TASK ITEM
Among the records that follow, set down only the lines from the one containing "BOB LILLY SIGNED" to the one containing "秋服 冬服 CC-CC4155231", both included, exactly.

DATA RECORDS
==============================
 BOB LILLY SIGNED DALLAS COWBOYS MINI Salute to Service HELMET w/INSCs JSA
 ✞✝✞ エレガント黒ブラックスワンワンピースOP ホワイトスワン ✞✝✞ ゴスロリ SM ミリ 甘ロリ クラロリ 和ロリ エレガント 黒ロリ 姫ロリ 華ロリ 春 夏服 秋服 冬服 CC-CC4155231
==============================
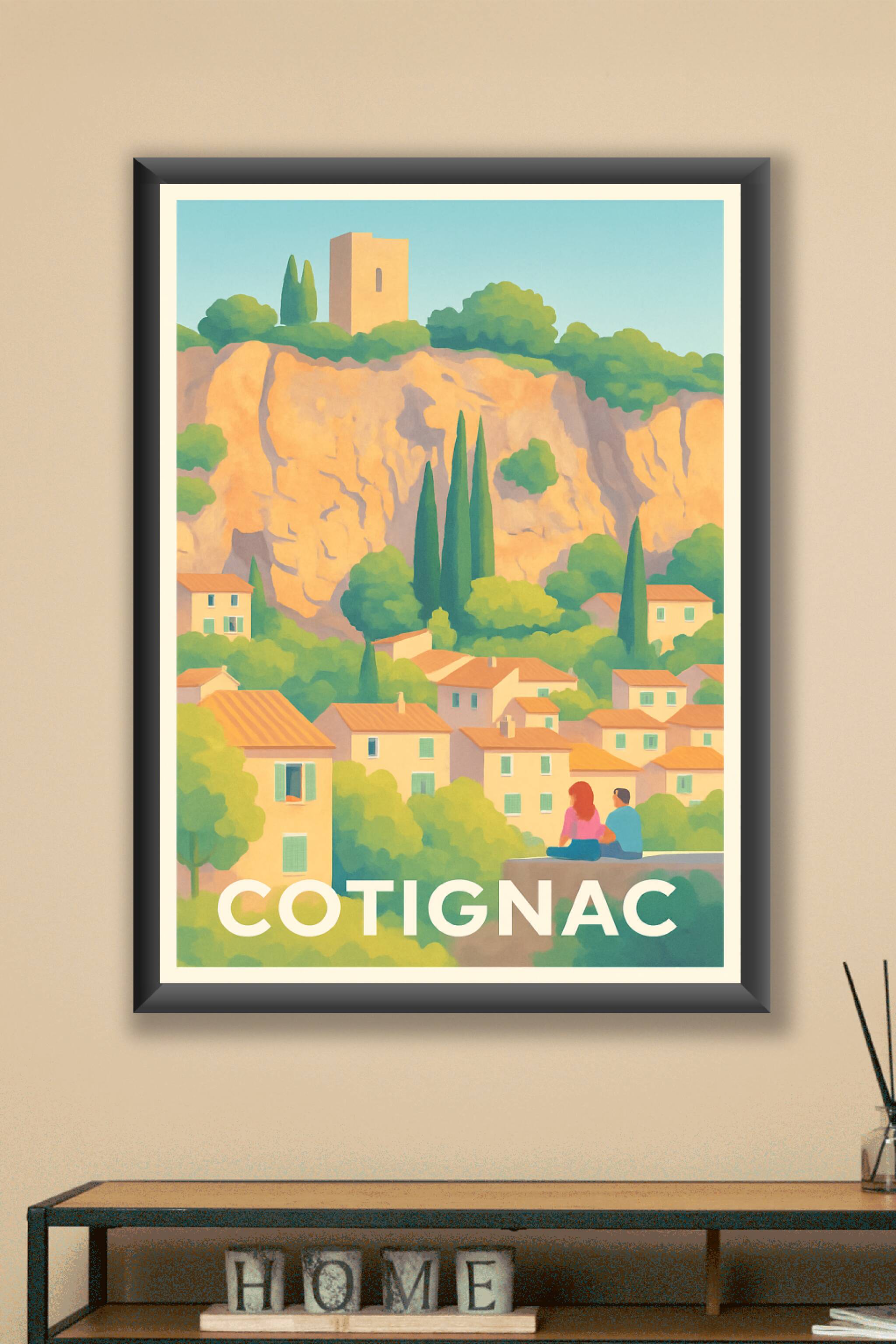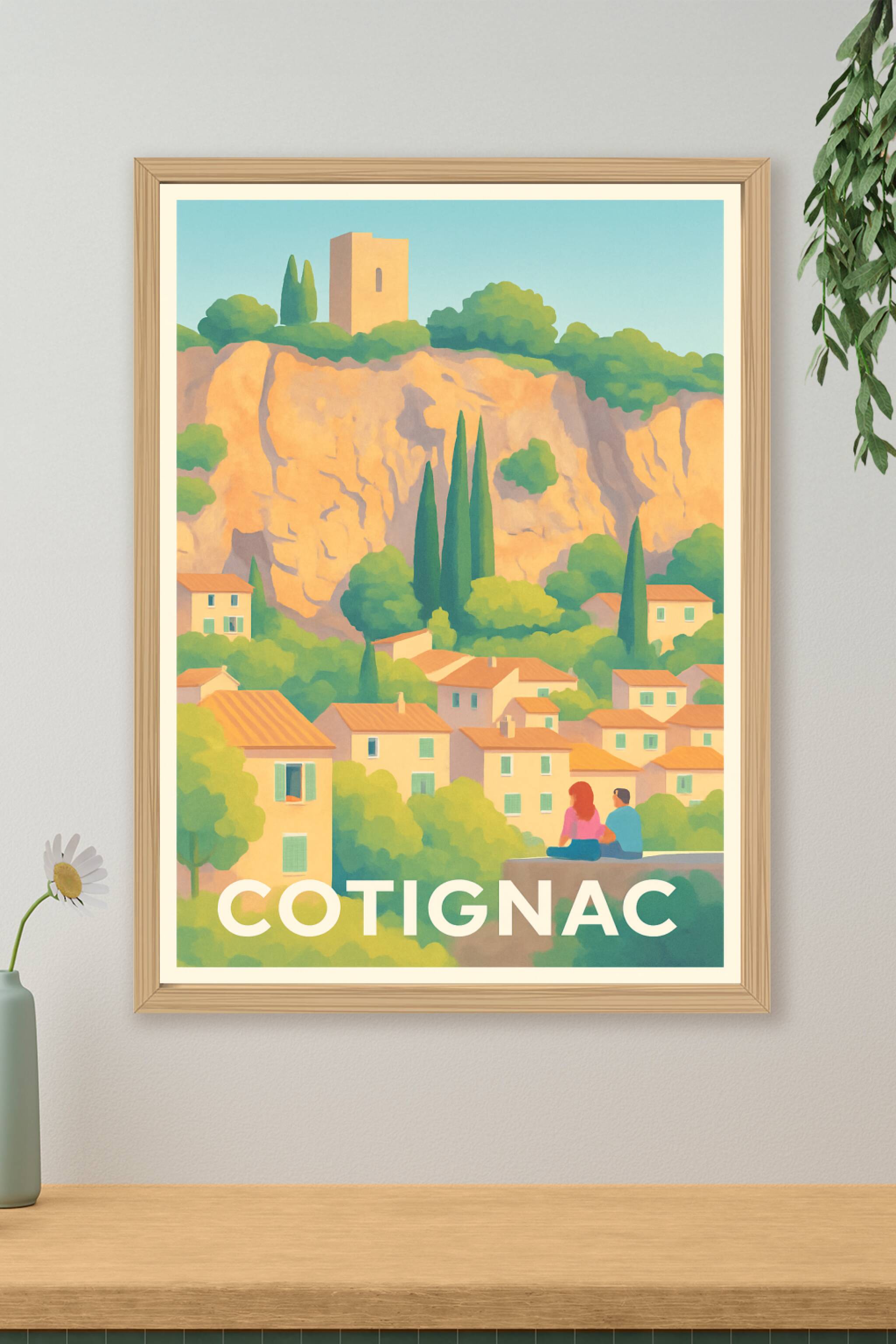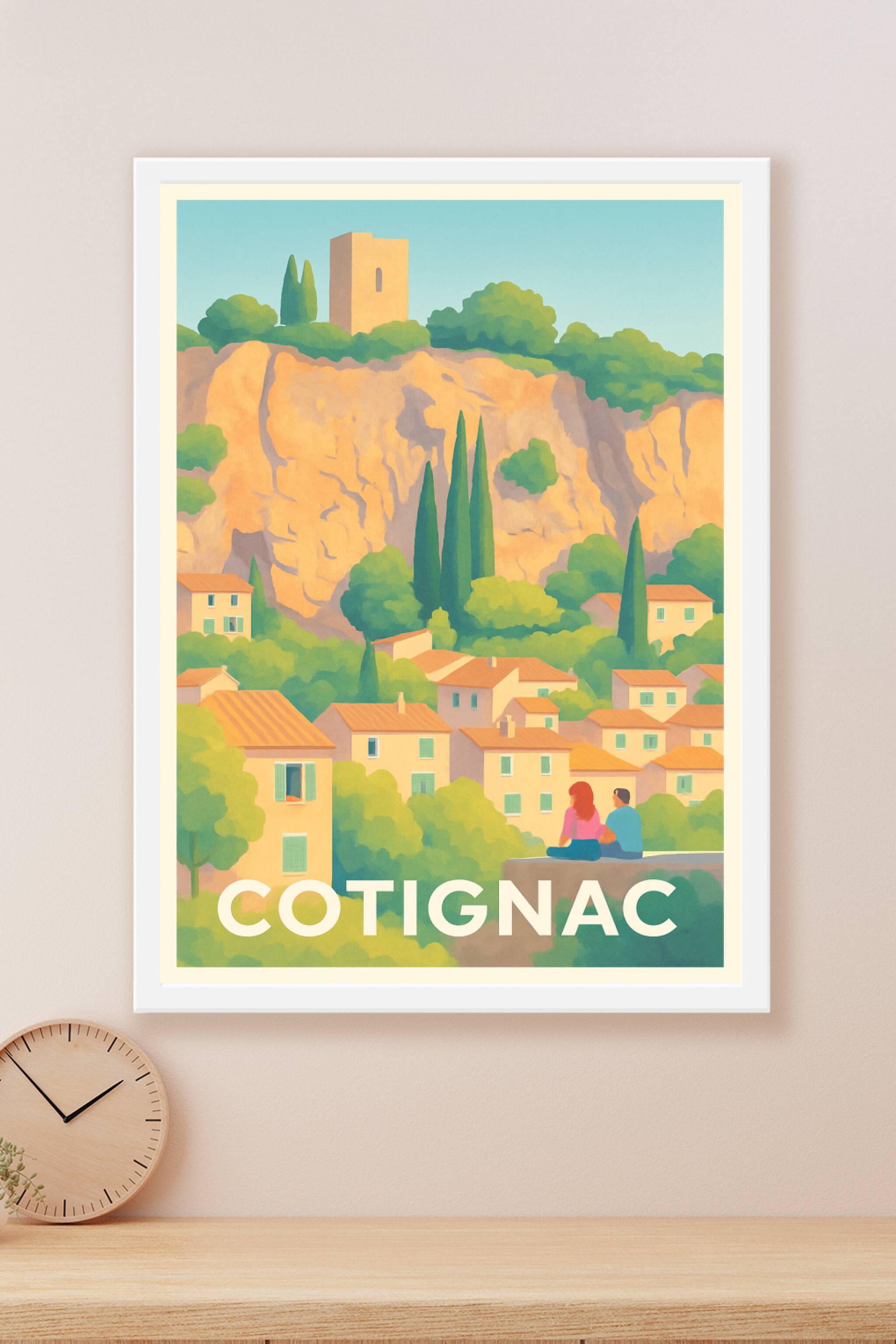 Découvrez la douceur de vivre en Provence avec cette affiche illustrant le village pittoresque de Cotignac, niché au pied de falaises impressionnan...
==============================
SOLUTION TO THIS PROBLEM
 BOB LILLY SIGNED DALLAS COWBOYS MINI Salute to Service HELMET w/INSCs JSA
 ✞✝✞ エレガント黒ブラックスワンワンピースOP ホワイトスワン ✞✝✞ ゴスロリ SM ミリ 甘ロリ クラロリ 和ロリ エレガント 黒ロリ 姫ロリ 華ロリ 春 夏服 秋服 冬服 CC-CC4155231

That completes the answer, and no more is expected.